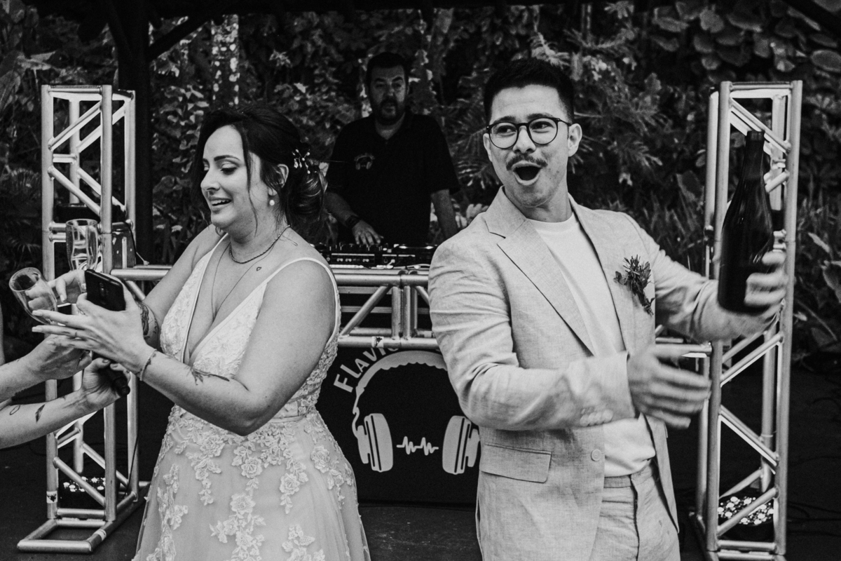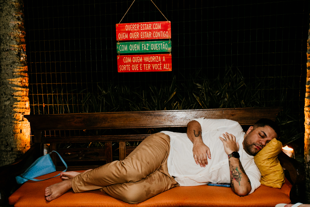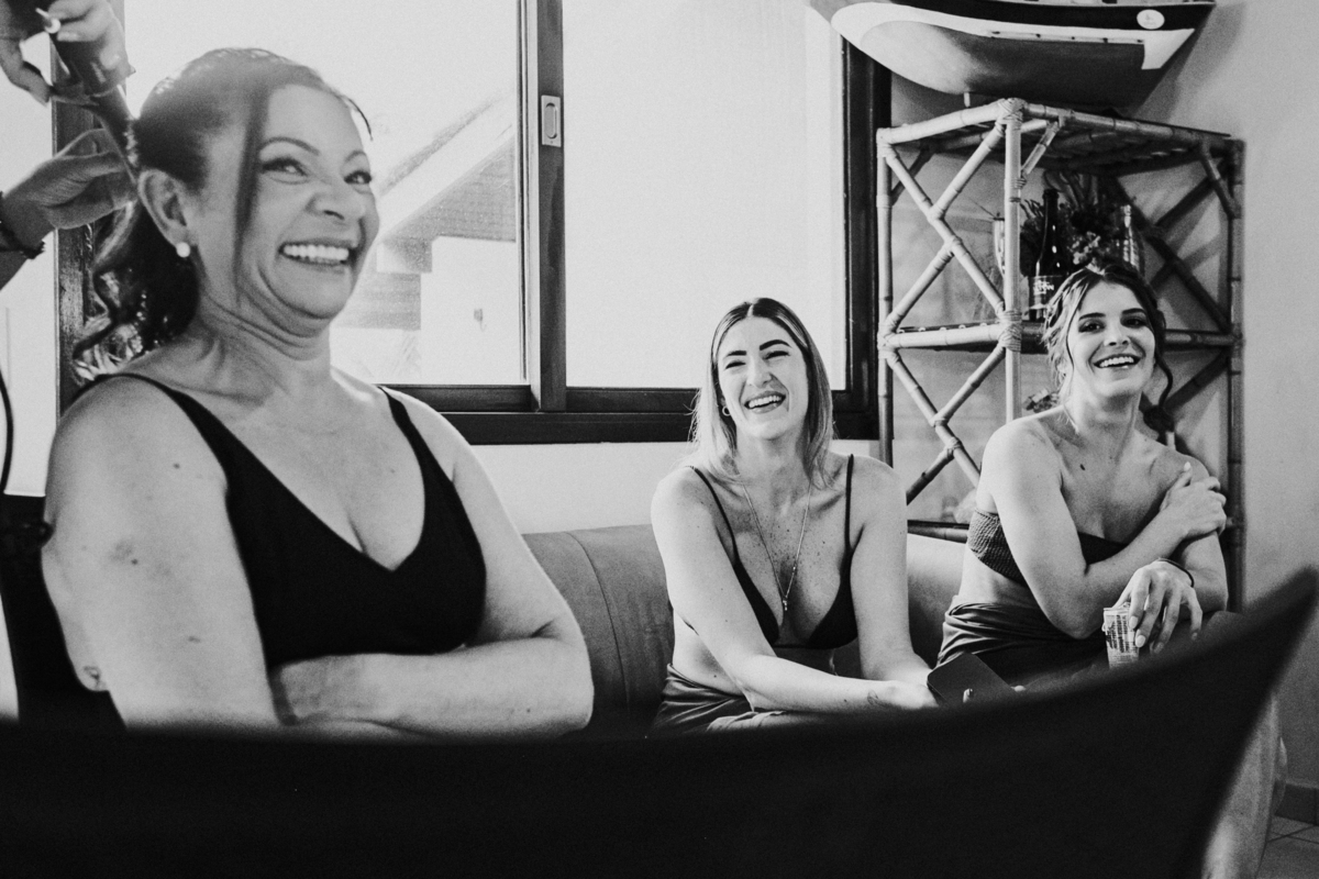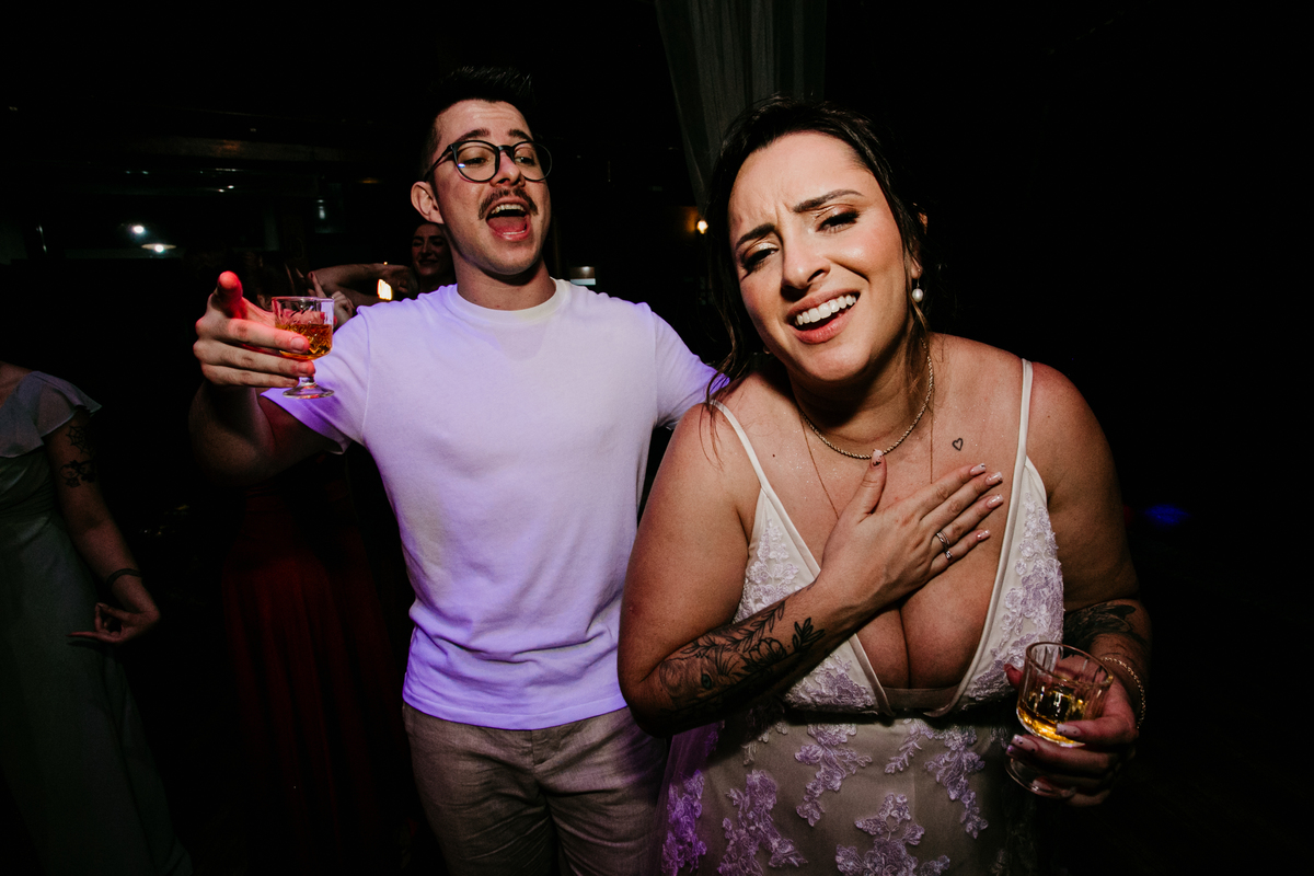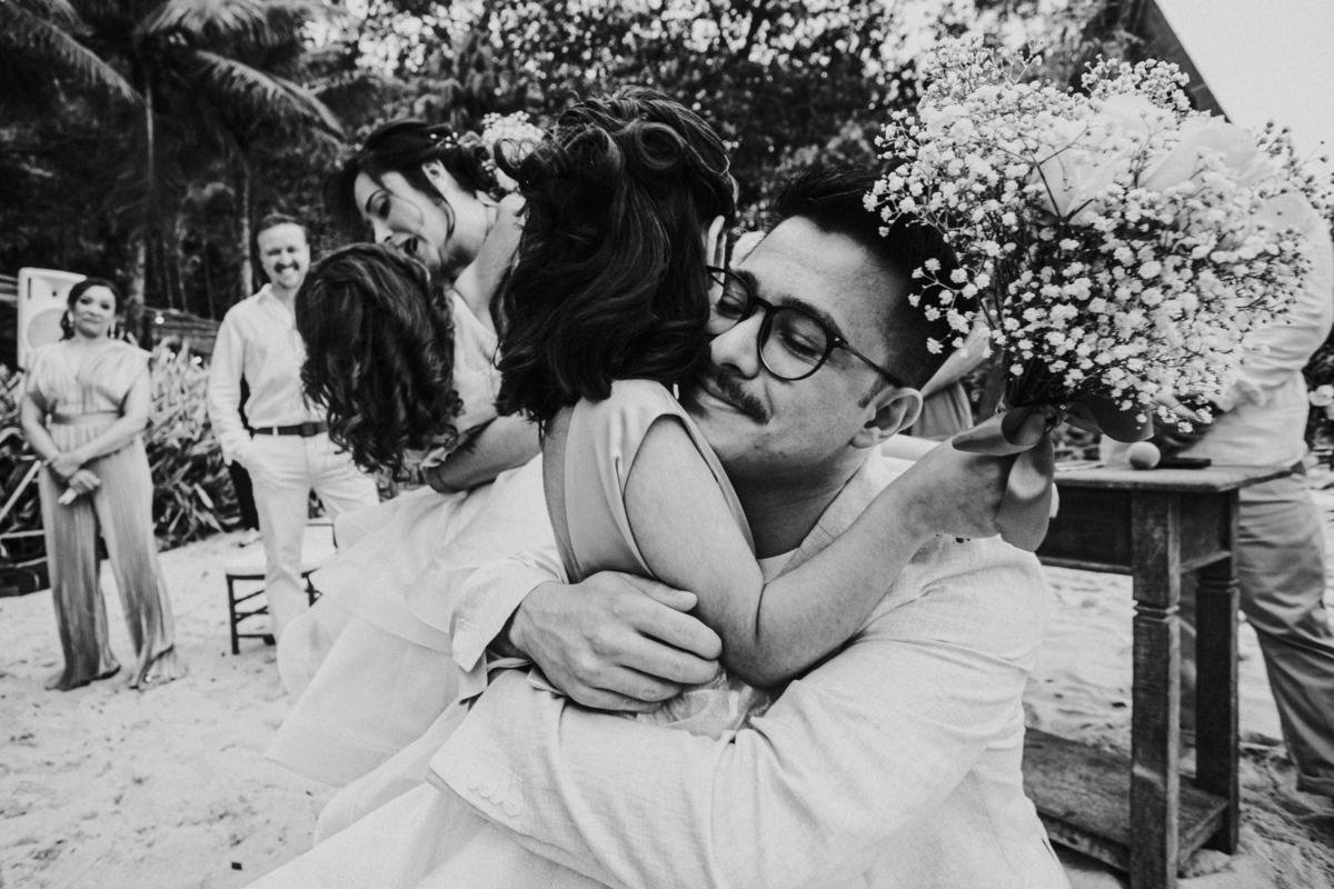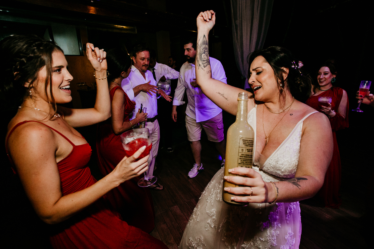 Apesar de ser uma festa pequena, a galera se jogou! Todos se divertiram como se não houvesse amanhã: muita bebida, risadas e aquela energia contagiante. Pra fechar o dia da melhor forma, o casal e os convidados foram direto para o mar, se molhar, curtir o momento e ainda pularam ondas, em uma vibe de renovação e boas energias.
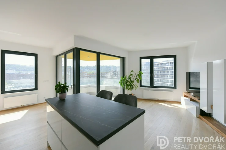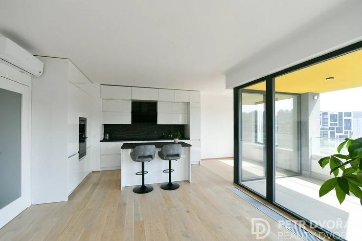 We offer for rent a brand-new, luxurious, high-standard, and partially furnished apartment with a terrace, located on the 6th floor of the new residential project Rohan City – Diamanty Karlín, designed by world-renowned architect Eva Jiřičná. The project is situated in the attractive Rohan Island area of Karlín, just a few minutes’ walk from Invalidovna metro station and close to the Vltava riverbank. A highly sought-after location with full civic amenities, quick access to the city center, cycling and running paths, a fitness/wellness center, and a golf course.
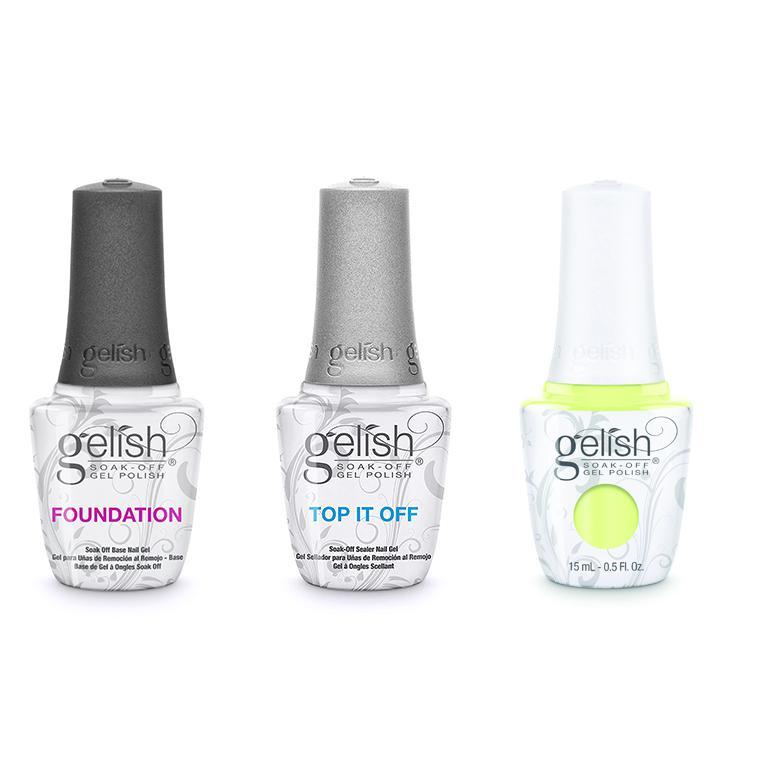 Harmony Gelish Base Coat, Top Coat, and Color Combo. Gelish® Soak-Off Gel Polish applies like polish and cures in a LED lamp in 30 seconds, or 2 minutes in traditional UV lamps. Gelish stays on nails for up to 3 weeks with no chipping or peeling, and soaks completely off in only 10 - 15 minutes. Directions: Gelish® Soak-Off Gel Polish must be cured with LED Light or UV Light system. Apply over Gelish Foundation or Structure Gel. Do NOT apply directly to the natural nail. Must be cured for 30 seconds under LED Light or 2 minutes under UV Light. Apply 2 thin coats and cure between each coat. Seal with Gelish Top IT OFF. Remove with Gelish Artificial Nail Remover.

▶ TASK INSTRUCTIONS
Without the pictures, repeat every line of the material above exactly.

▶ RESPONSE AREA
 Apesar de ser uma festa pequena, a galera se jogou! Todos se divertiram como se não houvesse amanhã: muita bebida, risadas e aquela energia contagiante. Pra fechar o dia da melhor forma, o casal e os convidados foram direto para o mar, se molhar, curtir o momento e ainda pularam ondas, em uma vibe de renovação e boas energias.
 We offer for rent a brand-new, luxurious, high-standard, and partially furnished apartment with a terrace, located on the 6th floor of the new residential project Rohan City – Diamanty Karlín, designed by world-renowned architect Eva Jiřičná. The project is situated in the attractive Rohan Island area of Karlín, just a few minutes’ walk from Invalidovna metro station and close to the Vltava riverbank. A highly sought-after location with full civic amenities, quick access to the city center, cycling and running paths, a fitness/wellness center, and a golf course.
 Harmony Gelish Base Coat, Top Coat, and Color Combo. Gelish® Soak-Off Gel Polish applies like polish and cures in a LED lamp in 30 seconds, or 2 minutes in traditional UV lamps. Gelish stays on nails for up to 3 weeks with no chipping or peeling, and soaks completely off in only 10 - 15 minutes. Directions: Gelish® Soak-Off Gel Polish must be cured with LED Light or UV Light system. Apply over Gelish Foundation or Structure Gel. Do NOT apply directly to the natural nail. Must be cured for 30 seconds under LED Light or 2 minutes under UV Light. Apply 2 thin coats and cure between each coat. Seal with Gelish Top IT OFF. Remove with Gelish Artificial Nail Remover.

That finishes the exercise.